While scouring the web recently, I came across a fascinating bit of history: an interview with Martha Lady, conducted as part of the University of Kentucky’s Frontier Nursing Service Oral History Project.
Lady, who grew up in a Brethren in Christ home in Kansas, served as a missionary nurse in Northern Rhodesia (present-day Zambia) in the 1950s and 1960s, before returning to the U.S. to serve with Frontier Nursing Services in rural Appalachia.
I’m still making my way through the whole interview; it’s rather long, and much of it concerns details about Lady’s work with the Frontier Nursing Service relevant only to those who want to know about the program. But there are a number of interesting tidbits. Thus far, I’m most fascinated by Lady’s discussion of the similarities she found between those she served in Zambia and those she later served while in midwife training in rural Appalachia. Here’s a snippet:
I was intrigued with the similarities I found between [people in Appalachia] and the people I worked with in Africa.

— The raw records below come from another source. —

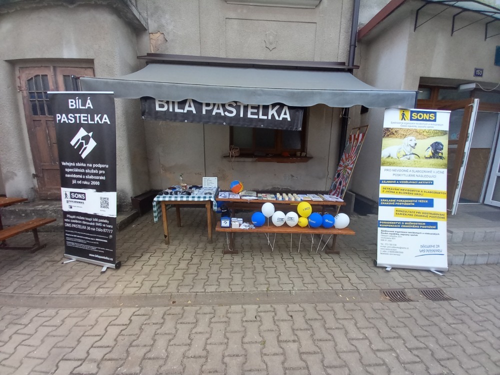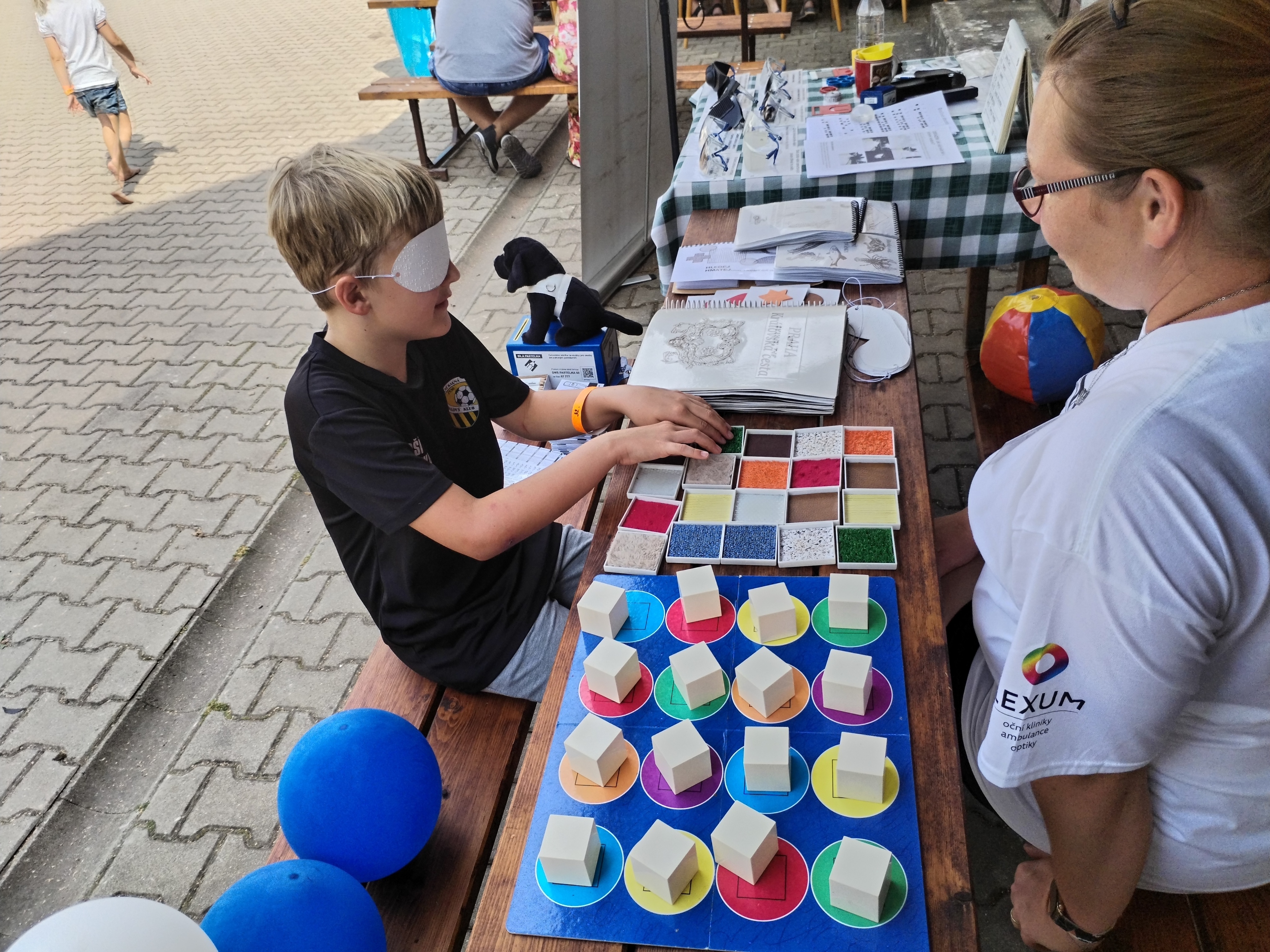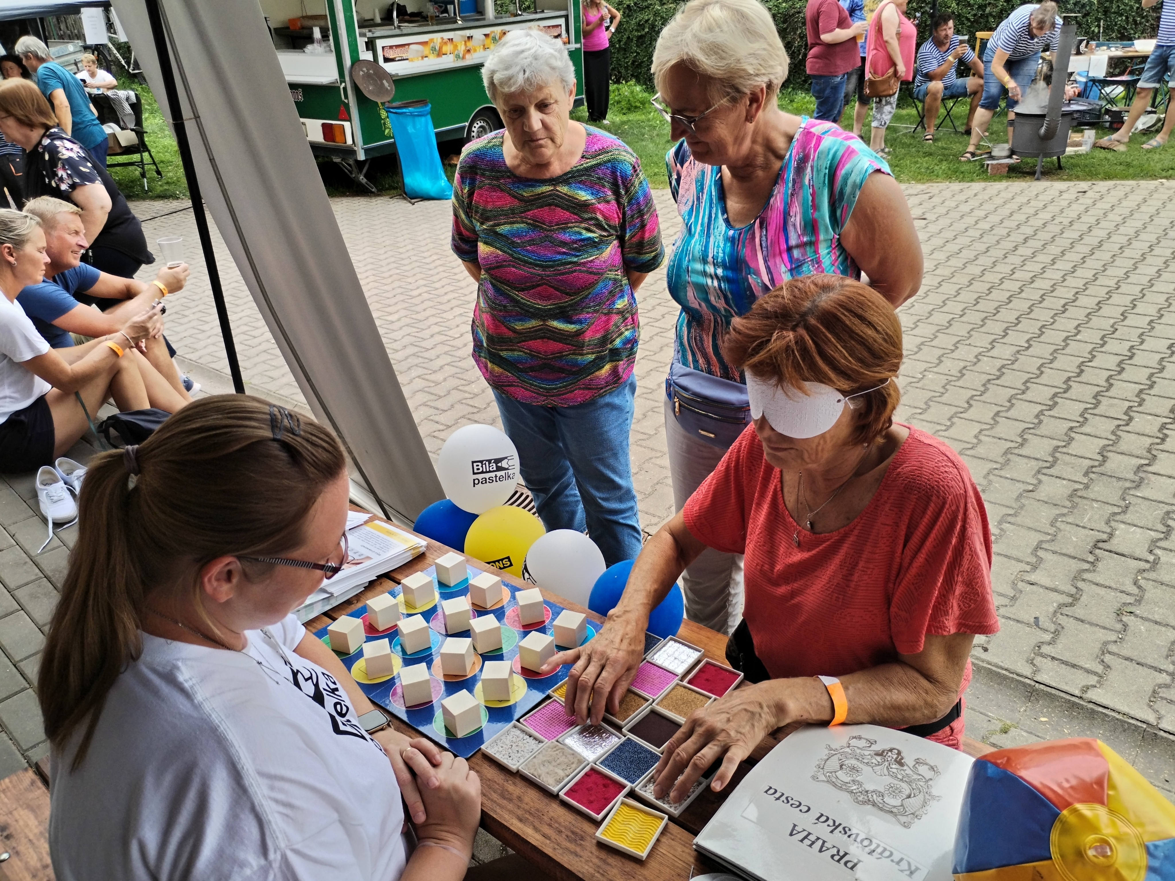 Pro návštěvníky jsme měli připravený plný stůl pomůcek pro nevidomé a slabozraké – přes lupy, měrku, kolortestr po ukázku Braillova písma. Nechyběly ani brýle evokující zrakové vady. Zejména pro děti oblíbené a velmi atraktivní hry – zvukové a hmatové pexeso. Toto si s radostí vyzkoušeli i dospěláci. S klapkami na očích to opravdu není snadné 😊. Děti se k nám opakovaně vracely a hmatového pexesa se nemohly nabažit. Odměnou jim byl samozřejmě balónek. Všechny děti byly velmi šikovné a bystré.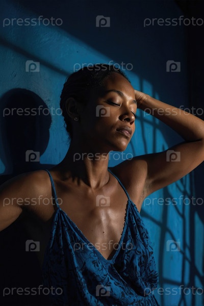 Женщина, опирающаяся на голубую стену в драматическом свете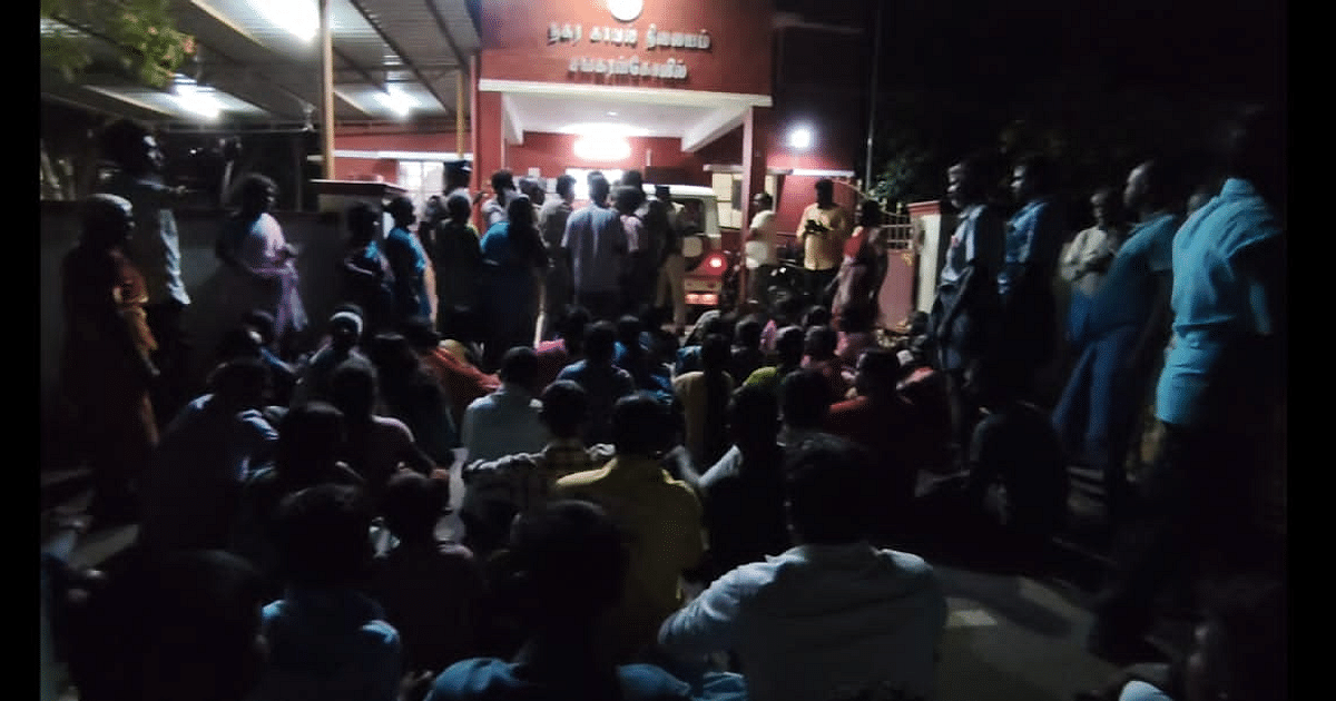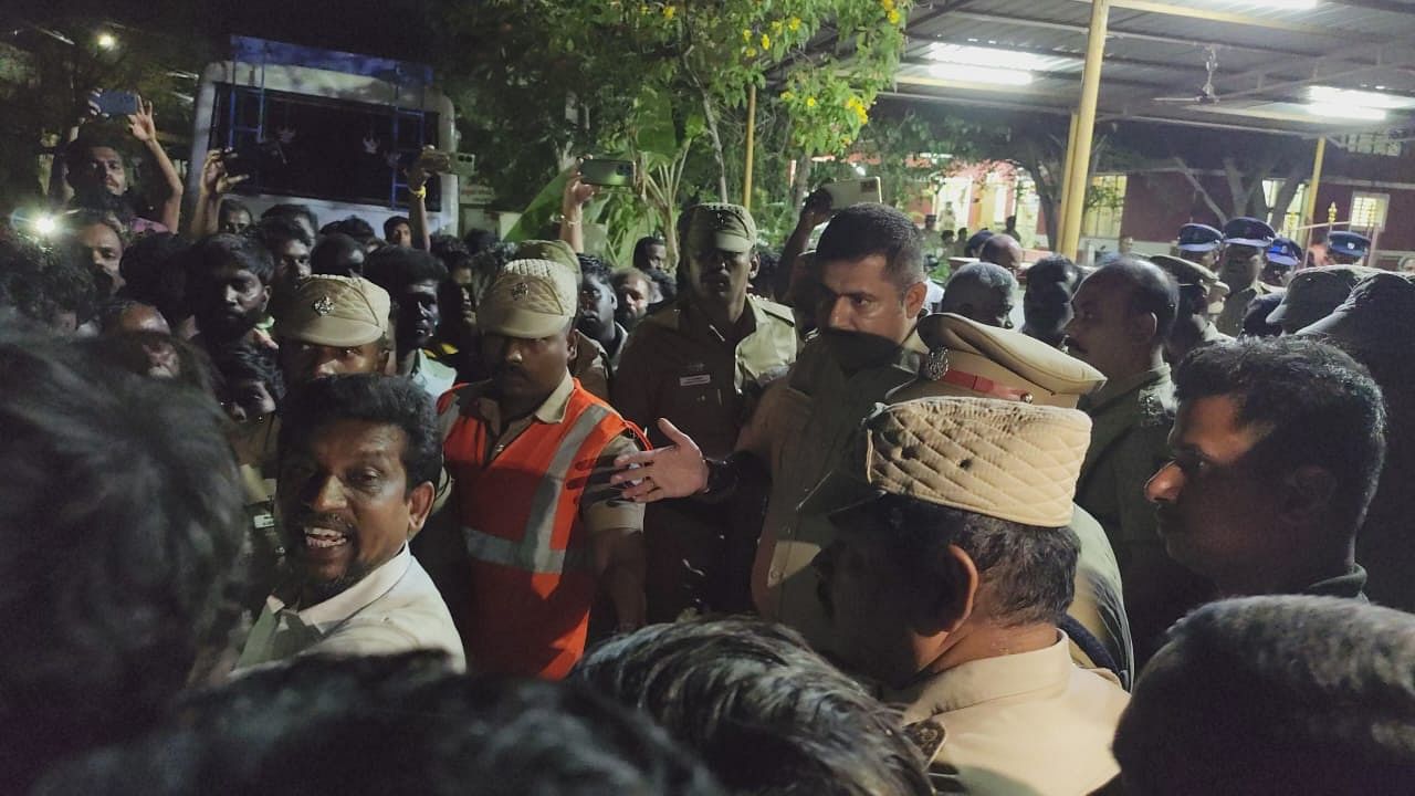 இந்த நிலையில் விசாரணைக்காக முருகனை போலீஸ் அழைத்துச் சென்ற தகவலறிந்து காவல் நிலையம் வந்த அவரின் உறவினர்கள், வேனில் அவர் இறந்துகிடப்பதை கண்டு அதிர்ச்சியடைந்துள்ளனர். தொடர்ந்து, போலீஸ் தாக்கியதில்தான் முருகன் உயிரிழந்துவிட்டார், அவரின் உயிரிழப்புக்கு காரணமான போலீஸார் மீது நடவடிக்கை எடுக்க வேண்டும் என வலியுறுத்தி, முருகனின் உறவினர்கள் மற்றும் கிராம மக்கள் நூற்றுக்கணக்கானோர் திரண்டு சங்கரன்கோவில் நகர காவல் நிலையத்தை முற்றுகையிட்டு போராட்டம் நடத்தினர். இதனால் அங்கு பெரும் பரபரப்பு ஏற்பட்டது. சுமார் நூற்றுக்கும் மேற்பட்டோர் சேர்ந்து நள்ளிரவில் திடீரென சாலைமறியலிலும் ஈடுபட்டதால் ராஜபாளையம்-சங்கரன்கோயில் சாலையில் போக்குவரத்து பாதிக்கப்பட்டது.

. . . [In] my class there were four of us who were home on furlough from Africa, and we all had the same type of feeling. I think part of it is their close living in na-. . . with nature, especially your women that were having babies. To them this wasn’t any big deal. “This is what I’m here for. I’m . . . I was born to have children, let’s get down to work and have a baby.” And that’s . . . they went to work as though this is something . . . what we do and let’s not make a big fuss about it, very much like our African women did. But I think it was just sort of a basic oneness with nature. Something that . . . I don’t know what it was, but there was something very, very closely connected. . . .
[T]hey’re not complicated with a bunch of . . . their lives aren’t complicated with a lot of civilization. I don’t mean civilization, but a lot of fancy tape, fixings from . . . I don’t know. I don’t know what it is except that it’s a . . . as one of our doctors in Africa said, “Life is basic,” and that’s pretty much what it was. Just not as complicated. Maybe that’s the word I want.
This is a fascinating glimpse into the way at least one missionary from the Brethren in Christ Church — a self-proclaimed “rural person” — perceived the Africans among whom she worked.
My reflections lead me to a couple questions: To what extent was such thinking representative of Brethren in Christ missionaries in this era? If representative, to what extent did it shape their ministry approach?
I’ve set up a link to the entire 47-minute interview below. If any of you want to listen to the whole thing and encounter problems with this interface, let me know (in the Comments section) and I’ll try and fix it. (Keep in mind that the audio doesn’t start until about :11 seconds in.)
Thanks, Devin. The doctor’s remark “Life is basic” reminds me of a conversation I had with Dr. Alvan regarding his general medical practice in rural Ohio after he returned from Zambia. I’m sure he used the same phrase, and may very well have been the physician to whom Martha Lady referred. So now we have two Brethren in Christ missionaries who thought in the same way. I’m not sure what to say about shaping ministry approach.